Functions such as all_intersect_accs, all_intersect_fprs, etc. return a dictionary mapping intersectional group labels to metric values. This helper converts that dictionary into a horizontal bar plot.

Parameters:

Name Type Description Default
metric_fn callable

An all_intersect_* function with signature: (subject_labels_dict, predictions, true_statuses) -> dict.

required
subject_labels_dict Mapping[str, Sequence]

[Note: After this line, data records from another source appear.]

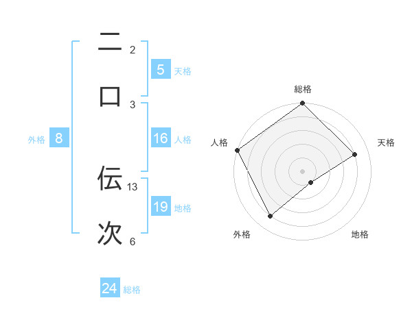 二口 伝次さんの総格は24画の5点!
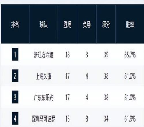 第4至第8名競爭異常膠著:青島隊與浙江隊同為12勝9負,分列第七、第八;青島隊遭遇五連敗,狀態低迷,而浙江隊則保持穩定。此五隊之間僅差1至2個勝場,任何一場勝負都可能引發排名洗牌。
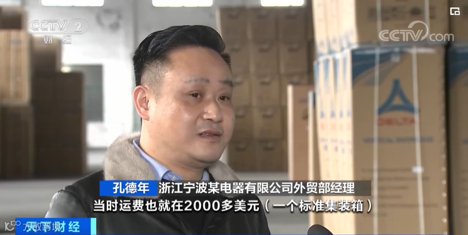 浙江宁波某电器有限公司外贸部经理 孔德年:签订合同的时候,运费在2000多美元一个标准集装箱,等到货做好以后,猛涨到13000多美元。现在运费在2000美元左右,所以客户说可以出货了。
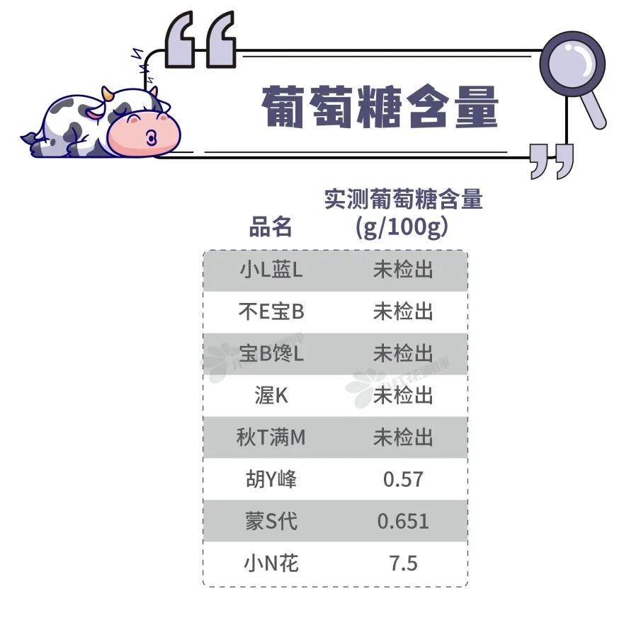 8款奶片實(shí)測葡萄糖含量如下:
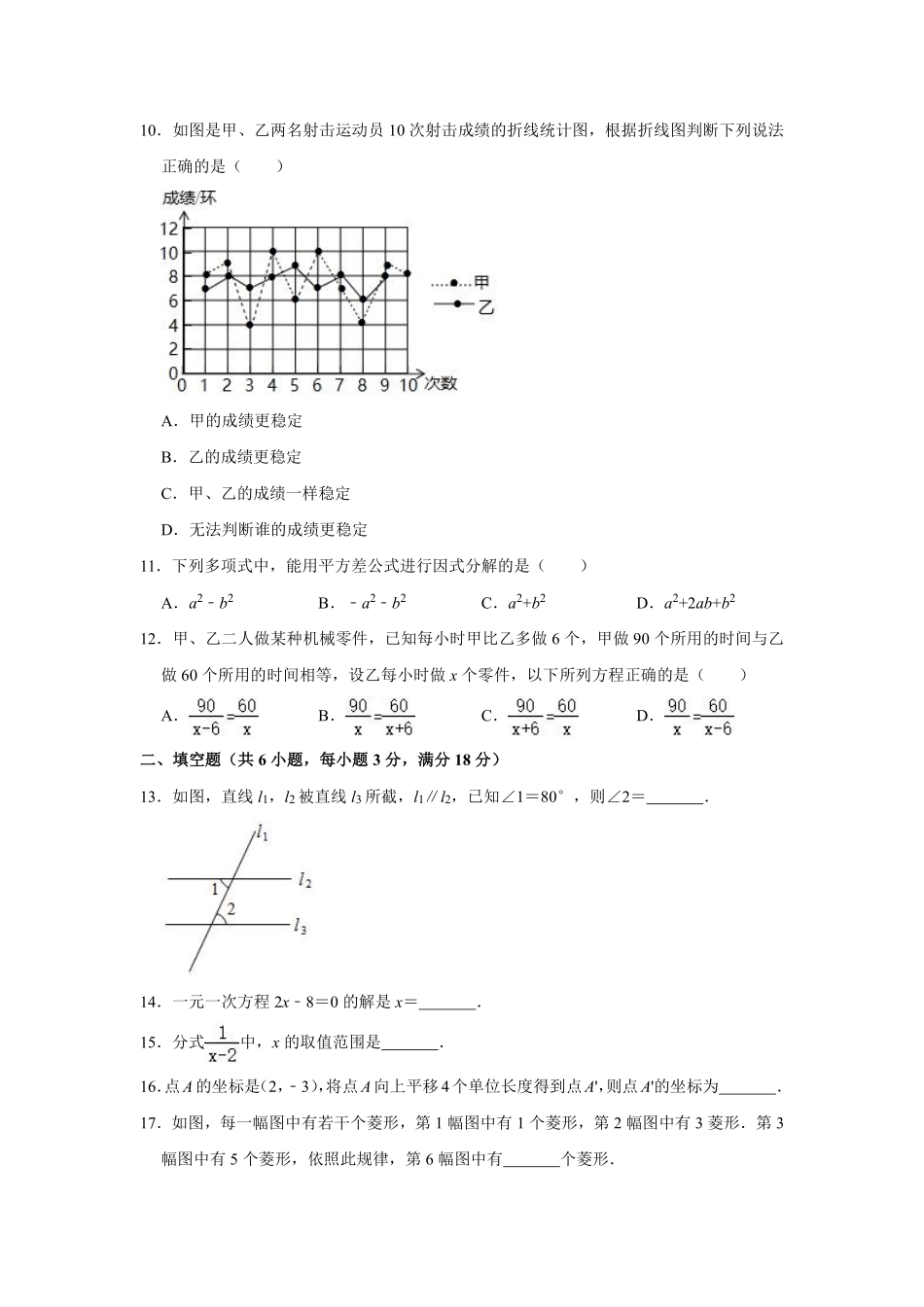 2020年广西柳州市中考数学试卷(空白卷).pdf_第3页

Mapping from protected attribute name to labels per sample.

required
predictions Iterable

Predicted labels aligned with subject_labels_dict values.

required
true_statuses Iterable

Ground-truth labels aligned with subject_labels_dict values.

required
title str or None

Plot title. Defaults to the metric function name.

None
rotation int

Rotation angle for tick labels.

0
figsize tuple[float, float] or None

Figure size in inches.

None
sort bool

If True, sort bars by metric value (NaNs placed at the end).

True

Returns:

Type Description
Figure

The created Matplotlib figure.

Raises:

Type Description
ValueError

If predictions and true_statuses lengths differ.

TypeError

If metric_fn does not return a dictionary.

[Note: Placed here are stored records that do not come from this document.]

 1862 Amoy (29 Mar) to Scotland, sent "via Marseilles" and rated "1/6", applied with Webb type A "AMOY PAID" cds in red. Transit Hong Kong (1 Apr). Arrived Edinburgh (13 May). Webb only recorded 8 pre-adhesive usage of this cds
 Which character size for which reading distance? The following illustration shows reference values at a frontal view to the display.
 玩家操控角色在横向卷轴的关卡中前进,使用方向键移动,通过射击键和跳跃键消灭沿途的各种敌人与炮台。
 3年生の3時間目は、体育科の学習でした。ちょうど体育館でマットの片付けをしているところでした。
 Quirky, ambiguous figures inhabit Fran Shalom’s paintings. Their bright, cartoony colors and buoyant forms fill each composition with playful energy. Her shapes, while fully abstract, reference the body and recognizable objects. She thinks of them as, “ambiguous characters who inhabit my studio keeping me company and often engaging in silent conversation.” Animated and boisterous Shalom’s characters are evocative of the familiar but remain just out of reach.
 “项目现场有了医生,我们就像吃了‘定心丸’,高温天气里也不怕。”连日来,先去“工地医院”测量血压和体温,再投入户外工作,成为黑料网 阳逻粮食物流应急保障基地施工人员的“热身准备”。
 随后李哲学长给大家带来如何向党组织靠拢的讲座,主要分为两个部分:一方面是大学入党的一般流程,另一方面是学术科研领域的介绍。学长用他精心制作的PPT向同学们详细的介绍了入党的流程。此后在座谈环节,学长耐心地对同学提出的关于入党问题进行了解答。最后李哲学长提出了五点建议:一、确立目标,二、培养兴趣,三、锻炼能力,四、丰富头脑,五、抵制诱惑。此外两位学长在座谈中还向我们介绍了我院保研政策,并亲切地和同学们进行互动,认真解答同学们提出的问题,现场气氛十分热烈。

plot_pairwise_group_metric

Plot pairwise group metrics (group_diff, group_ratio).

Pairwise metric functions compare two groups at a time and return a scalar (e.g., difference or ratio of accuracies).

Parameters:

Name Type Description Default
metric_fn callable

A function from fairness.metrics with signature: (group_a, group_b, subject_labels, predictions, true_statuses) -> float.

required
subject_labels Iterable

Group label for each sample.

required
predictions Iterable

Predicted labels aligned with subject_labels.

required
true_statuses Iterable

Ground-truth labels aligned with subject_labels.

required
group_pairs Sequence[tuple] or None

Explicit list of (group_a, group_b) pairs to plot. If None, all pairwise combinations of unique groups are used.

None
title str or None

Plot title. Defaults to the metric function name.

None
rotation int

Rotation angle for x tick labels (used for vertical plots only).

45
figsize tuple[float, float] or None

Figure size in inches.

None
sort bool

If True, sort bars by metric value (NaNs placed at the end).

True

Returns:

Type Description
Figure

The created Matplotlib figure.

Raises:

Type Description
ValueError

If no group pairs are provided or generated.

plot_scalar_metrics

Plot one or more scalar metrics (e.g., max_intersect_* outputs).

Parameters:

Name Type Description Default
metrics Mapping[str, float]

Mapping from metric name to scalar value.

required
title str or None

Plot title.

None
rotation int

Rotation angle for x tick labels.

0
figsize tuple[float, float] or None

Figure size in inches.

None

Returns:

Type Description
Figure

The created Matplotlib figure.

plot_single_metrics

Plot single-attribute fairness metrics from fairness.single_metrics.

This helper computes and visualizes metrics such as EOD, AOD, and DI for a single protected attribute with a specified privileged group. Note that DI uses only predictions, while EOD and AOD require y_test.

Parameters:

Name Type Description Default
y_test Iterable

Ground-truth binary labels (0/1).

required
y_pred Iterable

Predicted binary labels (0/1).

required
group_labels Iterable

Protected attribute labels aligned to y_test/y_pred.

required
privileged_label object

Label treated as the privileged group.

required
metrics Sequence[str] or None

Subset of {"EOD", "AOD", "DI"} to compute. Defaults to all.

None
title str or None

Plot title.

None
rotation int

Rotation angle for x tick labels.

0
figsize tuple[float, float] or None

Figure size in inches.

None

Returns:

Type Description
Figure

The created Matplotlib figure.

Raises:

Type Description
ValueError

If an unknown metric name is requested.